FREYR expands Norwegian plant plans, government agrees to support

FREYR Battery is set to move forward with the construction of its first battery gigafactory in Norway, having received assurances of financial and strategic support from the country’s government.

The Norway-headquartered battery cell manufacturing startup said it had sanctioned the construction of Giga Arctic and confirmed it would have access to more than $1.6 billion in funding through loan.

The company’s announcement came yesterday as the Norwegian government announced a new National Battery Strategy Policy at the offices of FREYR Battery. Like neighboring Finland, Norway has decided to promote local industries in the battery value chain.

The country’s Ministry of Trade, Industry and Fisheries said its 10-step plan could help unlock opportunities for the industry with a turnover of NOK 90 billion ($9.02 billion). dollars) by 2030 (see the version here, in norwegian language only).

As part of this strategy, the Norwegian export credit agency Export Finance Norway (Eksfin) has indicated that it will support FREYR with up to 400 million euros (418 million dollars) in guarantees, loans or a combination of both.

FREYR has already entered into major off-take agreements with a number of customers in the stationary battery energy storage industry, some of which have been named, such as a 28.5 GWh agreement with US manufacturer Powin and a 19 GWh deal with Honeywell, along with others who did not.

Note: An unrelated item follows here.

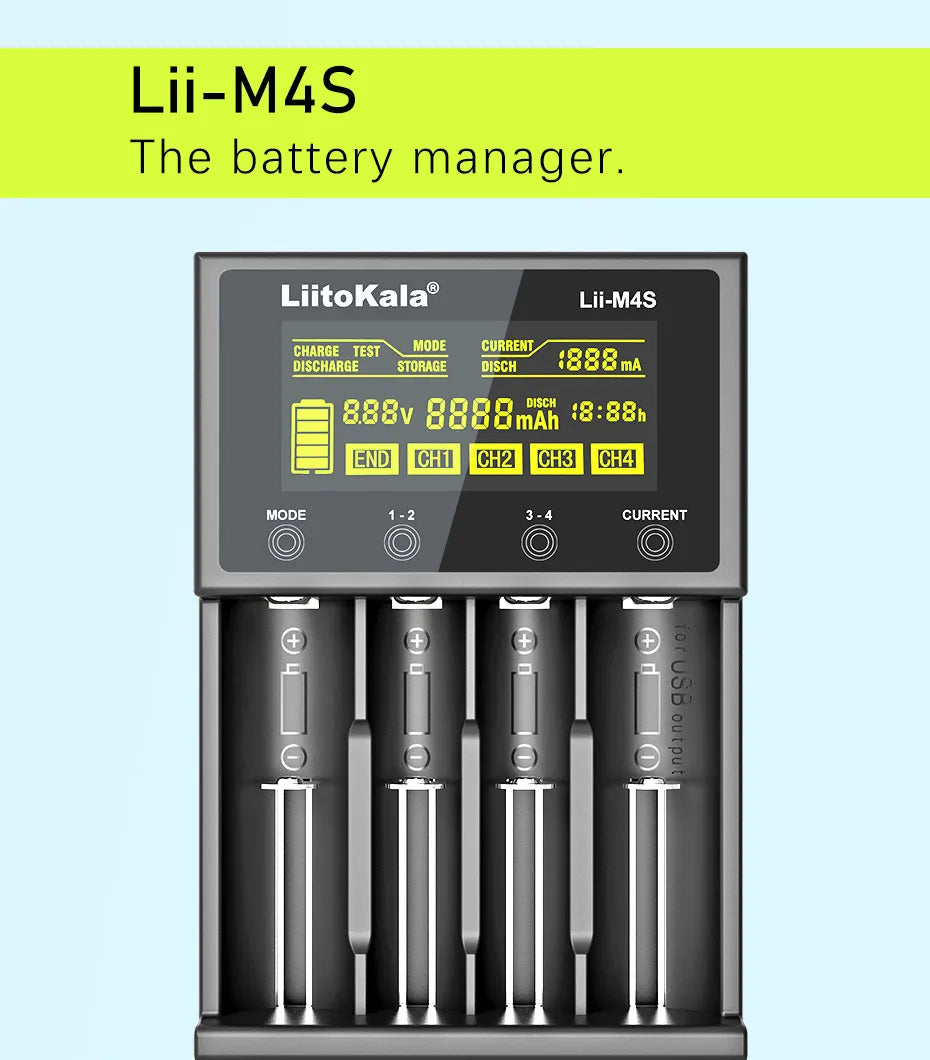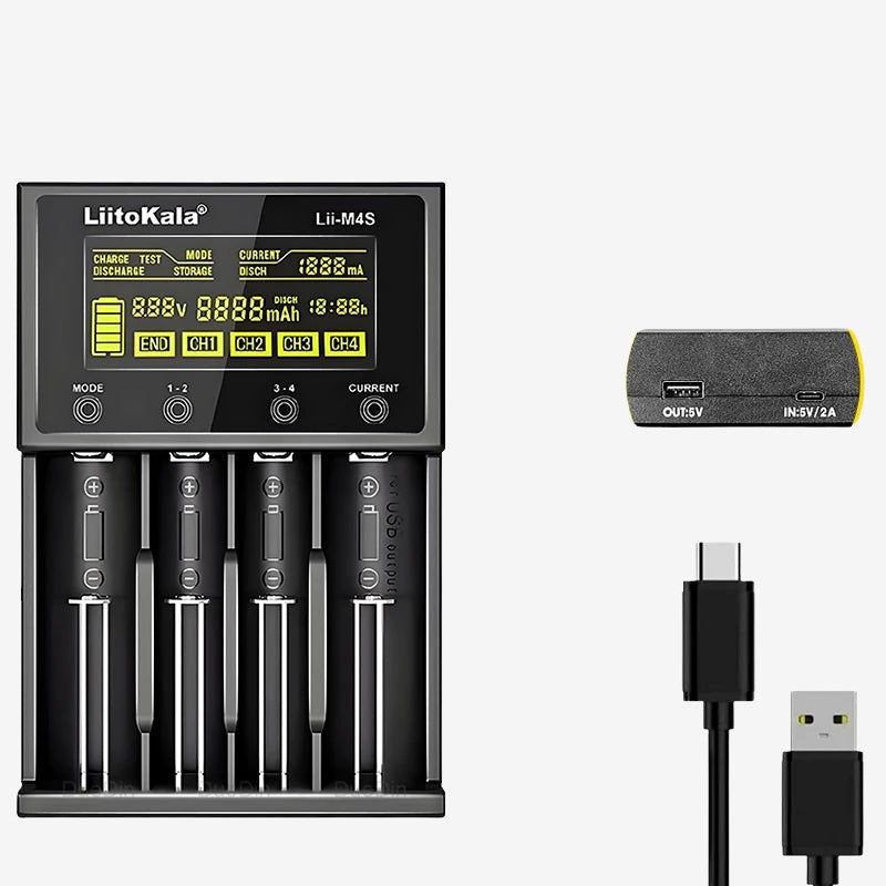 Professional 4-slot battery charger with LCD display for all your rechargeable batteries. Perfect for photographers, vapers, flashlight enthusiasts, and anyone who relies on high-performance batteries. Features intelligent charging with capacity testing and USB power bank functionality.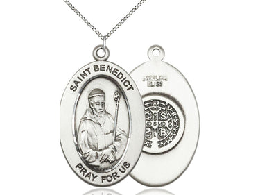 Sterling Silver St. Benedict Pendant Necklace 1 x 1/2 - 18 Inch Chain

While a large majority of initial demand is likely to come from the electric vehicle (EV) sector, which is booming in Norway and growing in Europe and other territories, in an interview with this site in March, FREYR CEO Tom Einar Jensen said that up to half of its products could be sold in the energy storage systems (ESS) sector over time.

Securing funding has allowed the company to accelerate its production plans: Giga Arctic will target annual production capacity of 29 GWh, while a target of 200 GWh of annual capacity for 2030 will be achieved through expansions and other new facilities that FREYR intends to build.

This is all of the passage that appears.